Стоял конец дня, духота спадала. Но здесь, на хироне, в саду на крыше акелины, было тихо, неподвижно, будто весь мир вокруг замер. Только безмятежному ветерку с Анконы едва хватало сил, чтобы слабо волновать самую нежную листву на вершинах разросшихся кустов и деревьев.
Внезапно в один миг всё нарушилось. Послышалось ржание лошадей, нервный стук, крики, нарастающий топот ног. ДозирЭ оглянулся и увидел вооруженных людей, высыпавших на хирону — властного эжина в странных темно-синих одеждах и множество слуг, толпившихся за его могучей фигурой и готовых к исполнению любого приказа. Телохранитель Инфекта отстранился от люцеи и повернулся лицом к вошедшим. Его доспехи и оружие были сложены неподалеку, и он покосился на меч и кинжал, рассчитывая в случае надобности воспользоваться ими.
— Рэм ДозирЭ, насколько мне известно? — поинтересовался знатный авидрон, едва сдерживая гнев.
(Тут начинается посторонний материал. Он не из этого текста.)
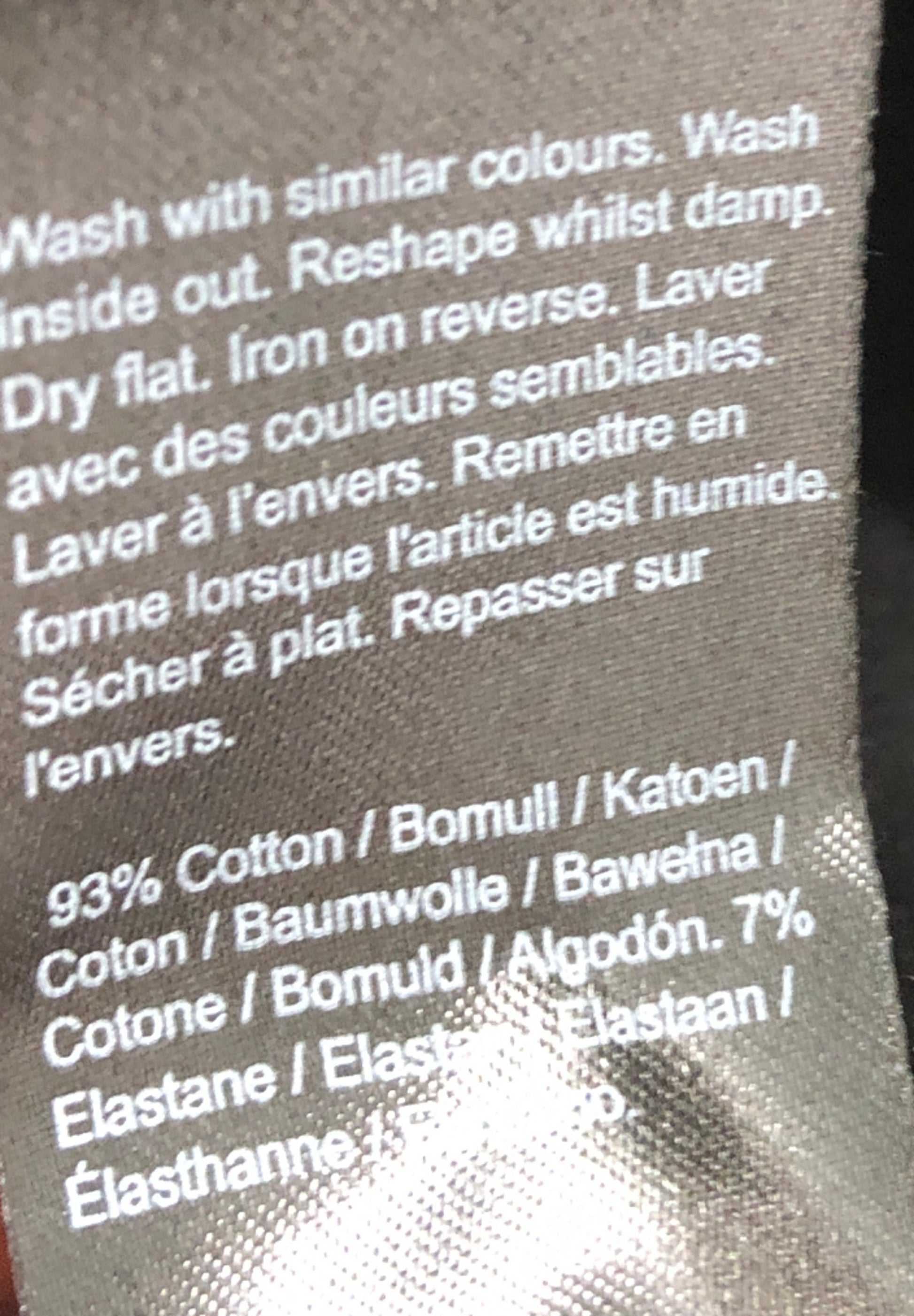 - Care Instructions: Wash with similar colours, wash inside out, reshape whilst damp, dry flat, iron on reverse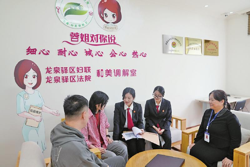 此外,十陵法庭与成都市龙泉驿区妇联合力打造“蓉姐对你说——和美调解室”,妥善处理婚姻纠纷,化解家庭矛盾,逐步形成集矛盾纠纷化解、心理疏导、关怀救助、法治宣传于一体的综合维权服务模式。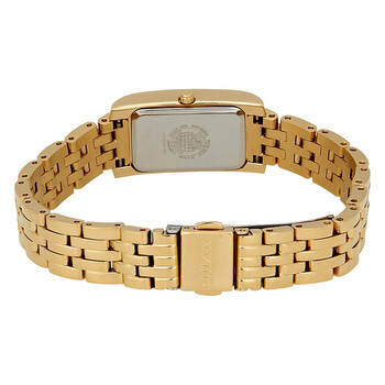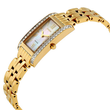 Yellow gold-tone stainless steel case and bracelet. Fixed yellow gold-tone bezel set with Swarovski crystals. White mother of pearl dial with yellow gold-tone hands and index hour markers. Roman numerals mark the 6 and 12 o'clock positions. Dial Type: Analog. Citizen Caliber Eco-Drive B023 eco-drive movement. Scratch resistant mineral crystal. Pull / push crown. Solid case back. Rectangle case shape. Case dimensions: 25 mm x17 mm. Band width: 17 mm. Fold over clasp with a push button release. Water resistant at 30 meters / 100 feet. Functions: hour, minute. Dress watch style. Watch label: Japan Movt. Citizen Silhouette Crystal White Mother of Pearl Dial Ladies Watch EX1472-56D.

Молодой человек не спешил отвечать, в упор разглядывая наглеца. Тот был столь же высок, как и он сам, но значительно шире в плечах и мощнее. В свои сорок — сорок пять лет он казался еще полным здоровья и жизненных сил. Упругая гладкая кожа лица, короткая черная бородка с модными завитушками, крепкие скулы и правильный грономфский нос делали бы мужчину этаким мужественным красавцем, если бы не отталкивающий неподвижный гипнотический взгляд, излучающий едкую насмешливость, близкую к презрению, твердую уверенность в своих силах и громадное собственное превосходство. А еще вся эта удивительная одежда из тончайших тканей: широкие штаны, яриадская рубаха, меховая паррада, диковинный плащ, драгоценности и оружие в великолепных ножнах…
ДозирЭ был несколько сконфужен, ибо видел перед собой великолепнейшего авидронского эжина, судя по всему, богатого и, наверное, весьма влиятельного. Но молодой человек вовремя вспомнил, что и сам он теперь занимает весьма высокое положение, и постарался отвечать спокойно и уверенно, даже придал своим интонациям встречную ироничность.
— Да, я тот, чье имя произнесено. А ты, рэм, — Туртюф, как я понимаю?
Туртюф вежливо приложил пальцы ко лбу. В другой ситуации он лишь криво усмехнулся бы и дал волю чувствам или сразу приказал слугам атаковать и убить негодяя, как сгоряча мечтал поступить некоторое время назад. Но всё происходило не на палубе корабля и не на улицах какого-нибудь Биона, а в Грономфе, и перед ним был не матрос и не грязный работорговец, а авидрон, к тому же воин Белой либеры. Поэтому Туртюф неимоверным усилием воли
— Почему ты столь бесцеремонно нарушил наше уединение, уважаемый рэм? И к чему с тобой целый отряд слуг и с ними такая куча оружия? — поинтересовался ДозирЭ. — Разве был сигнал к сбору городского ополчения?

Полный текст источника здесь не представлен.